> _What you should do_
Please write out only the lines from the line with "Eagle Flying Tourbillon腕錶」。此錶搭載L.U.C" to the line with "昨天下午,記者在崇文門搜秀玩", inclusive, exactly as they stand below, without the pictures.

> _Data extract_
_ _ _ _ _

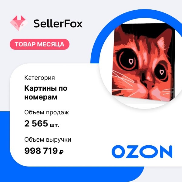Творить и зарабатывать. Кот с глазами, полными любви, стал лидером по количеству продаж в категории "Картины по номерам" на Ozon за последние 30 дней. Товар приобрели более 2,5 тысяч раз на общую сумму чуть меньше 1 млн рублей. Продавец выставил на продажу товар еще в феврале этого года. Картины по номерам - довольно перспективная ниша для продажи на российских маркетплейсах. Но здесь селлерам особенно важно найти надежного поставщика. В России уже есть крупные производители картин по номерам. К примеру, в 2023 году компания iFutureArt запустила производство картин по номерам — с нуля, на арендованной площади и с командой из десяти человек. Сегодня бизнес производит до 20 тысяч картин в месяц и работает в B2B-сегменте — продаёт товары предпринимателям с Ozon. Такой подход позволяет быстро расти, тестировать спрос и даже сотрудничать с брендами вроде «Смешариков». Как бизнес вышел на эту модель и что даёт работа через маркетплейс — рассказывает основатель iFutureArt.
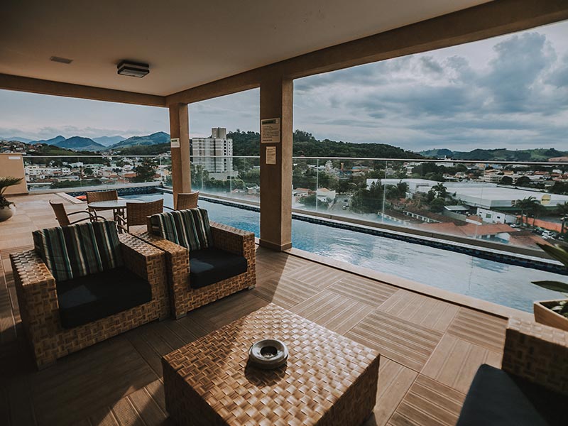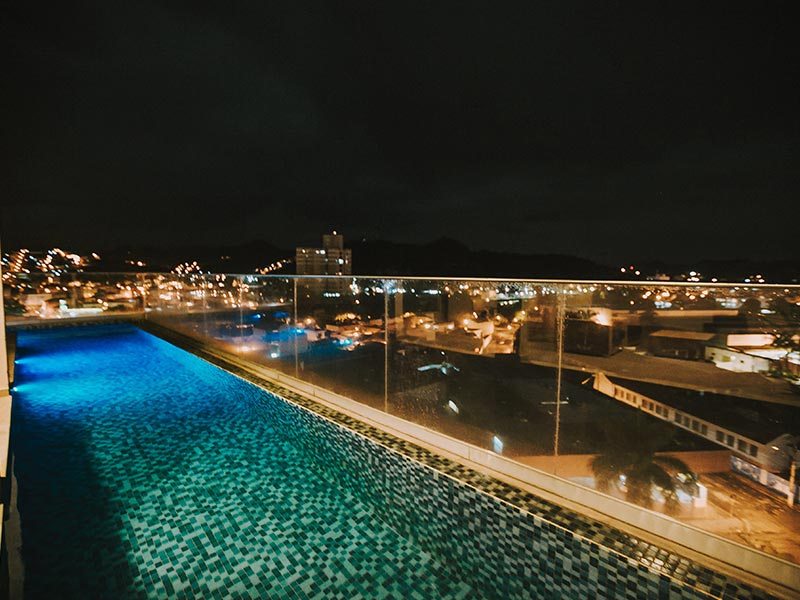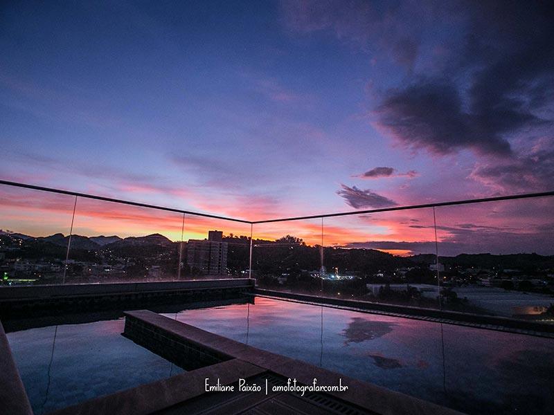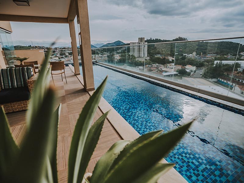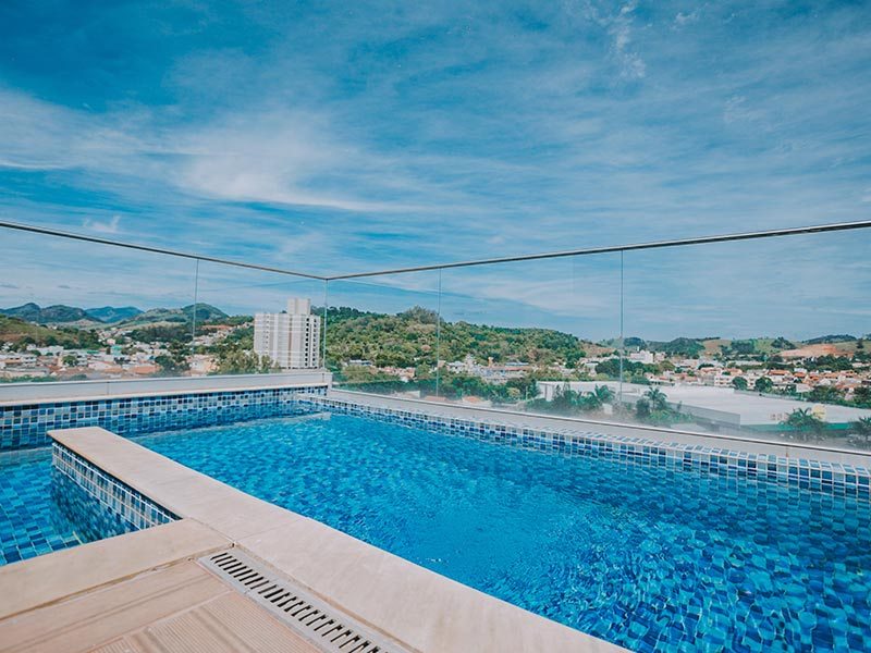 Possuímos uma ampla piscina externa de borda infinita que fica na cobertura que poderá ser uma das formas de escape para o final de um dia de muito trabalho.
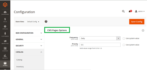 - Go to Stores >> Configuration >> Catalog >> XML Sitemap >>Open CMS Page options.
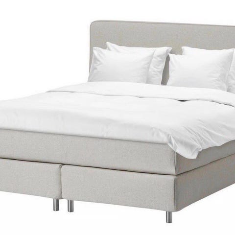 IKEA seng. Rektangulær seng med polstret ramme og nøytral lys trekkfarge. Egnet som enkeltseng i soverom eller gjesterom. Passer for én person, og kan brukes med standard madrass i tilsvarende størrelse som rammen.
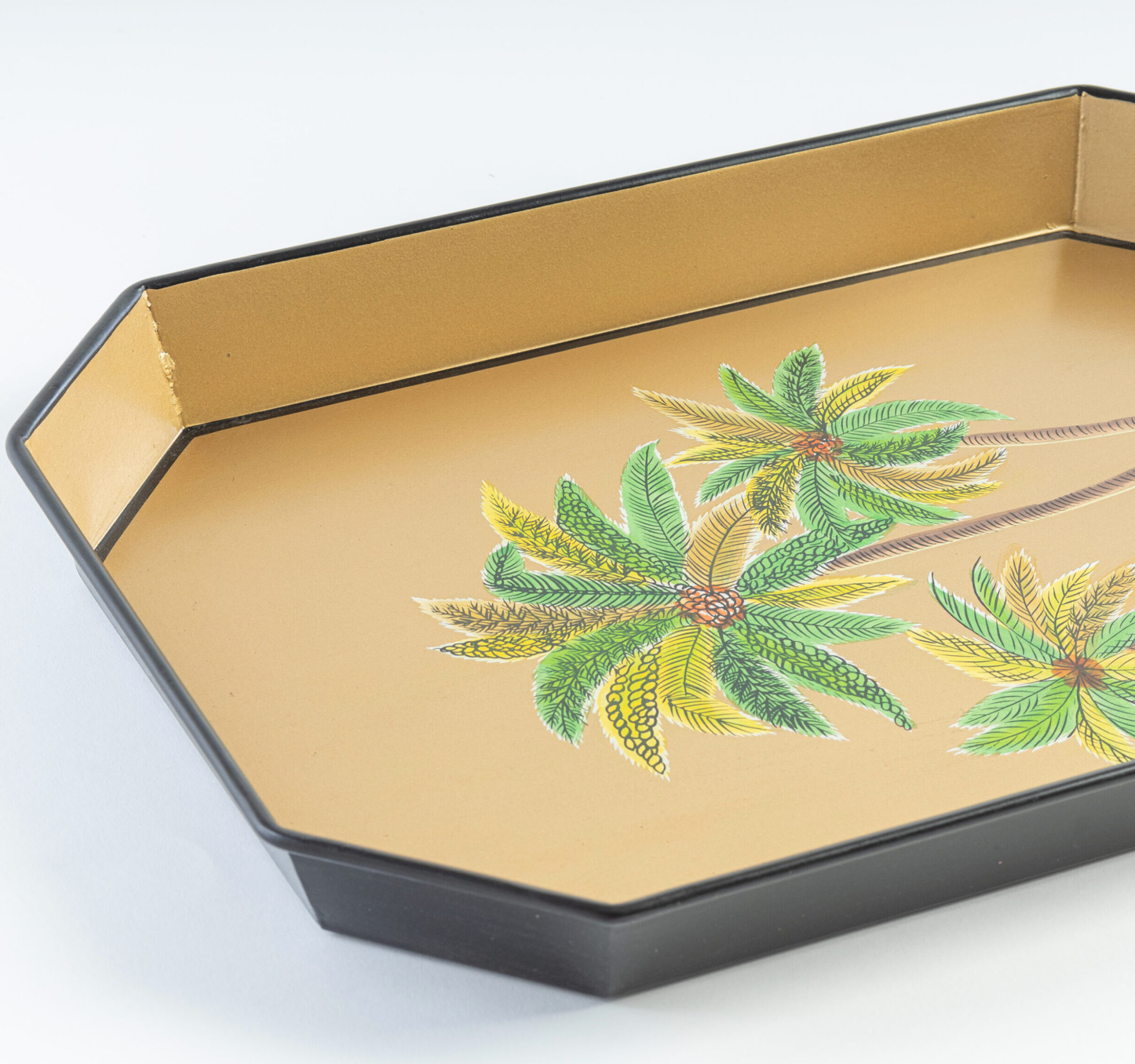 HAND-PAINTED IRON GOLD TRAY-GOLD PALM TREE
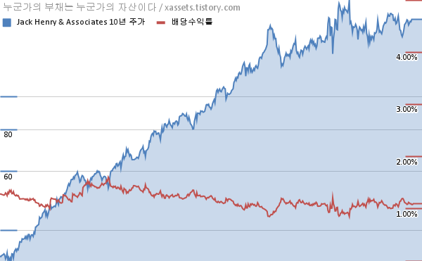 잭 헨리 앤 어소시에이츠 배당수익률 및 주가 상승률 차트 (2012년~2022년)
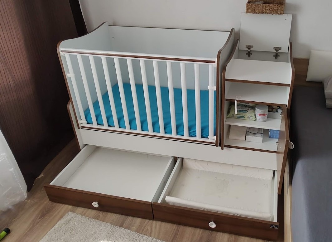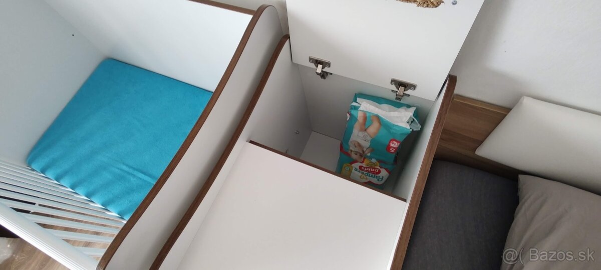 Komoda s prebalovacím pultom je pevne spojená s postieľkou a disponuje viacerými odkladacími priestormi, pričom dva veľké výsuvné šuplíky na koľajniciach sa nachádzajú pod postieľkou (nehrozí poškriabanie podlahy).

_ _ _ _ _

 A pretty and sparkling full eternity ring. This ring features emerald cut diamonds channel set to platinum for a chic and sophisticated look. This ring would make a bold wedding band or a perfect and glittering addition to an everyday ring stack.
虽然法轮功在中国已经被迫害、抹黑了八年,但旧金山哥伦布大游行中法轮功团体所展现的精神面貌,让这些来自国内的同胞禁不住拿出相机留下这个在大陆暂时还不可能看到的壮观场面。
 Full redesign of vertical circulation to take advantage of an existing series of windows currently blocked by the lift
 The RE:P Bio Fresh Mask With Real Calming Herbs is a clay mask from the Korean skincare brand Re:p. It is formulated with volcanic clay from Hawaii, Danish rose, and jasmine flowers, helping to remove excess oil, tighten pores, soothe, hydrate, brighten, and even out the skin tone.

_ _ _ _ _

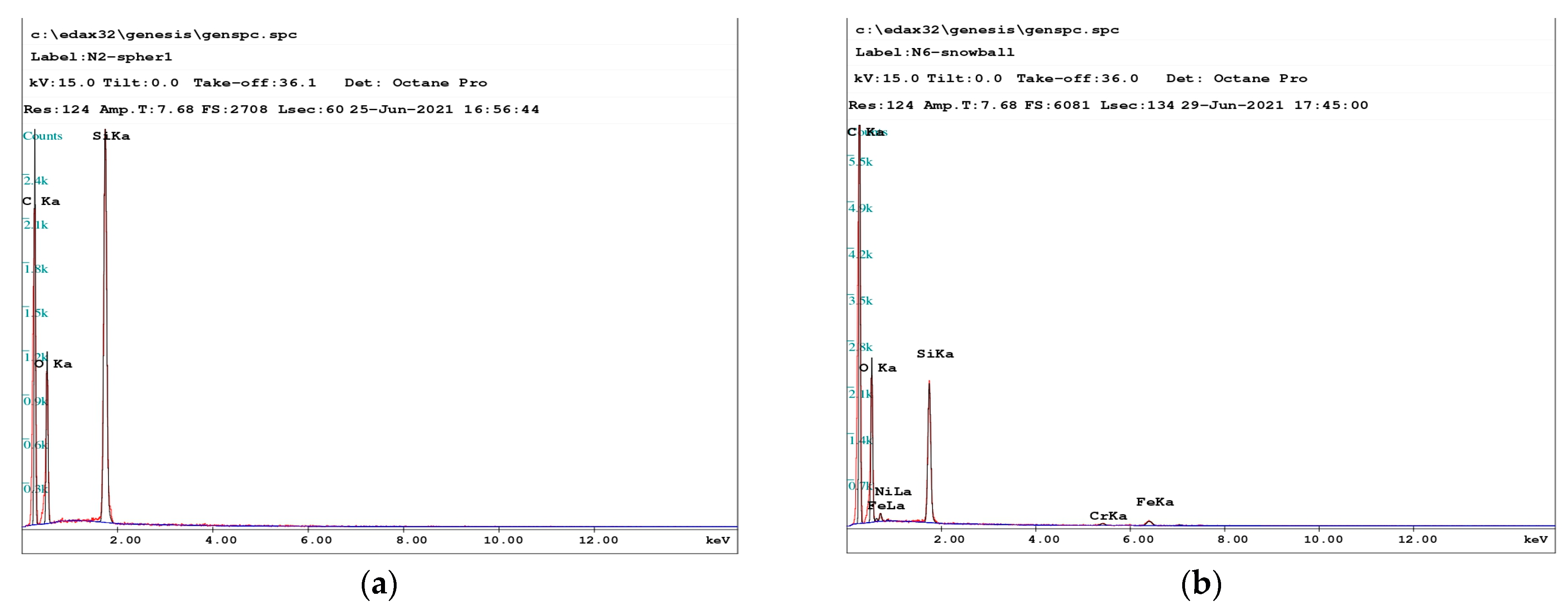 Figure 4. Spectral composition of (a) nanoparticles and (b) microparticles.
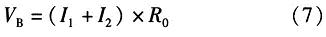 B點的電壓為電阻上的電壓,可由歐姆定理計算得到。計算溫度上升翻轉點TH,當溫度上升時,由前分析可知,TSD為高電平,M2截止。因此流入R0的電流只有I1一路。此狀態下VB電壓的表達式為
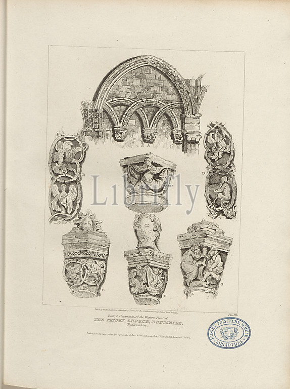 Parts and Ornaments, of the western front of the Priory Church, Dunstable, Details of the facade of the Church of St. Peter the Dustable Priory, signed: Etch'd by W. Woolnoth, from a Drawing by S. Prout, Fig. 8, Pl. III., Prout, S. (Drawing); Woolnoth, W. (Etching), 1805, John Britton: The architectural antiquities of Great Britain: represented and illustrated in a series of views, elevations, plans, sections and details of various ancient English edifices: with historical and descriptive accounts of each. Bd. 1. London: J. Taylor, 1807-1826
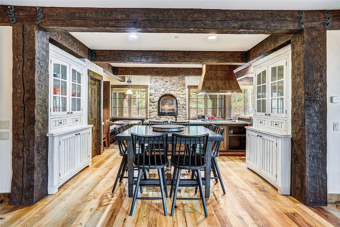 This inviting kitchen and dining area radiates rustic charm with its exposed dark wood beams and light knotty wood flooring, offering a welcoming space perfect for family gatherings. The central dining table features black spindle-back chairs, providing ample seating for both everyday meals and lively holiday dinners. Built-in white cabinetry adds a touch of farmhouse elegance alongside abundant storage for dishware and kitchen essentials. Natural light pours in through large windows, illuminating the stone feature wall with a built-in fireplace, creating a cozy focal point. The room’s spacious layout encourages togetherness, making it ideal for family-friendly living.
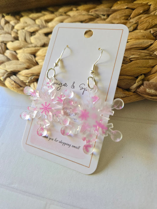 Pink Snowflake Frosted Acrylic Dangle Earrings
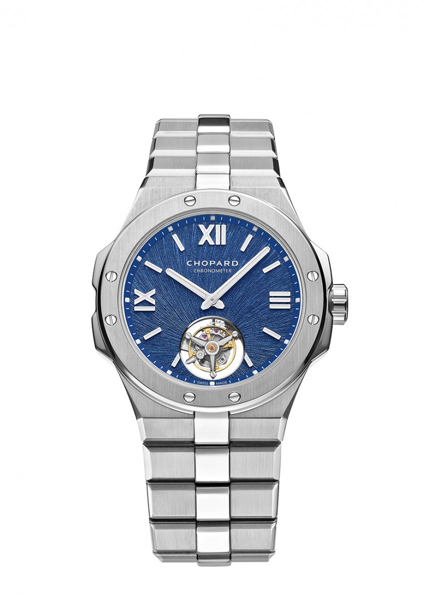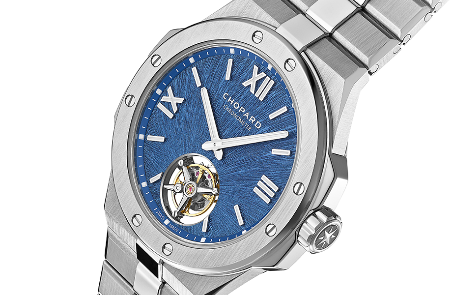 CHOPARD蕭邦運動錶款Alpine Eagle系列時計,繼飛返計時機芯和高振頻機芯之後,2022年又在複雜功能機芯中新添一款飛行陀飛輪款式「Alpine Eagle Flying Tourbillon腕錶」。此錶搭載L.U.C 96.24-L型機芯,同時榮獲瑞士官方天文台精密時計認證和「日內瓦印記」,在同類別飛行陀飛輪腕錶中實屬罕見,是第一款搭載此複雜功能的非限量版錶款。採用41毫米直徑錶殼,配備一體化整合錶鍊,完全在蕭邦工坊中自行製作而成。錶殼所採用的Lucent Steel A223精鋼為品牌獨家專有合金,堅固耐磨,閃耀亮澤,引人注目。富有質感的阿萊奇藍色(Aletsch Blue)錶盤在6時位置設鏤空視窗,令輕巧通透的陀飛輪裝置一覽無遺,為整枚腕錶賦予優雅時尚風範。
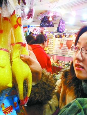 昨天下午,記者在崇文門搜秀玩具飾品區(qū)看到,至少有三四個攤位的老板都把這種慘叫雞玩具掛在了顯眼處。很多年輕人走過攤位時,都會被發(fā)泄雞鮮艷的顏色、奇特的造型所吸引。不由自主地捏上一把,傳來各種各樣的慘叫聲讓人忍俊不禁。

_ _ _ _ _

> _Reply to the task_
 CHOPARD蕭邦運動錶款Alpine Eagle系列時計,繼飛返計時機芯和高振頻機芯之後,2022年又在複雜功能機芯中新添一款飛行陀飛輪款式「Alpine Eagle Flying Tourbillon腕錶」。此錶搭載L.U.C 96.24-L型機芯,同時榮獲瑞士官方天文台精密時計認證和「日內瓦印記」,在同類別飛行陀飛輪腕錶中實屬罕見,是第一款搭載此複雜功能的非限量版錶款。採用41毫米直徑錶殼,配備一體化整合錶鍊,完全在蕭邦工坊中自行製作而成。錶殼所採用的Lucent Steel A223精鋼為品牌獨家專有合金,堅固耐磨,閃耀亮澤,引人注目。富有質感的阿萊奇藍色(Aletsch Blue)錶盤在6時位置設鏤空視窗,令輕巧通透的陀飛輪裝置一覽無遺,為整枚腕錶賦予優雅時尚風範。
 昨天下午,記者在崇文門搜秀玩具飾品區(qū)看到,至少有三四個攤位的老板都把這種慘叫雞玩具掛在了顯眼處。很多年輕人走過攤位時,都會被發(fā)泄雞鮮艷的顏色、奇特的造型所吸引。不由自主地捏上一把,傳來各種各樣的慘叫聲讓人忍俊不禁。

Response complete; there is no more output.